Prevention and Outcomes

Genetic counseling, prenatal diagnosis, and preimplantation genetic diagnosis (PGD) are available to affected or at-risk family members for prevention of LGMD. Prenatal diagnosis and PGD are options in families and individuals when a molecular diagnosis has been determined. Genetic counseling is available for recurrence risk analysis with or without a molecular diagnosis.

Bibliography

Herson, Serge, et al. "A Phase I Trial of Adeno-Associated Virus Serotype 1-Gamma-Sarcoglycan Gene Therapy for Limb Girdle Muscular Dystrophy Type 2C." Brain 135.2 (2012): 483–92. Print.

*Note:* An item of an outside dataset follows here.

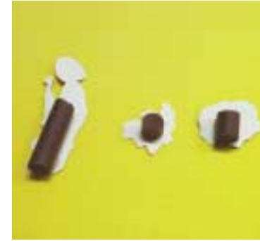
⑨ 자른 백업을 글루건을 이용해 그림 뒷면에 붙입니다.

Jones, R., Jr., D. Devivo, and B. Darras. Neuromuscular Disorders of Infancy, Childhood, and Adolescence: A Clinician’s Approach. Philadelphia: Elsevier Science, 2003.

"Limb-Girdle Muscular Dystrophy." Genetics Home Reference. Natl. Lib. of Medicine, Apr. 2011. Web. 31 July 2014.

"Limb-Girdle Muscular Dystrophy (LGMD)." Cleveland Clinic, 12 Dec. 2023, my.clevelandclinic.org/health/diseases/limb-girdle-muscular-dystrophy-lgmd. Accessed 10 Sept. 2024.

"Limb-Girdle Muscular Dystrophy." Medline Plus, 1 Sept. 2019, medlineplus.gov/genetics/condition/limb-girdle-muscular-dystrophy/. Accessed 10 Sept. 2024.

Nigro, Vincenzo, and Marco Savarese. "Genetic Basis of Limb-Girdle Muscular Dystrophies: The 2014 Update." Acta Myologica 33.1 (2014): 1–12. Print.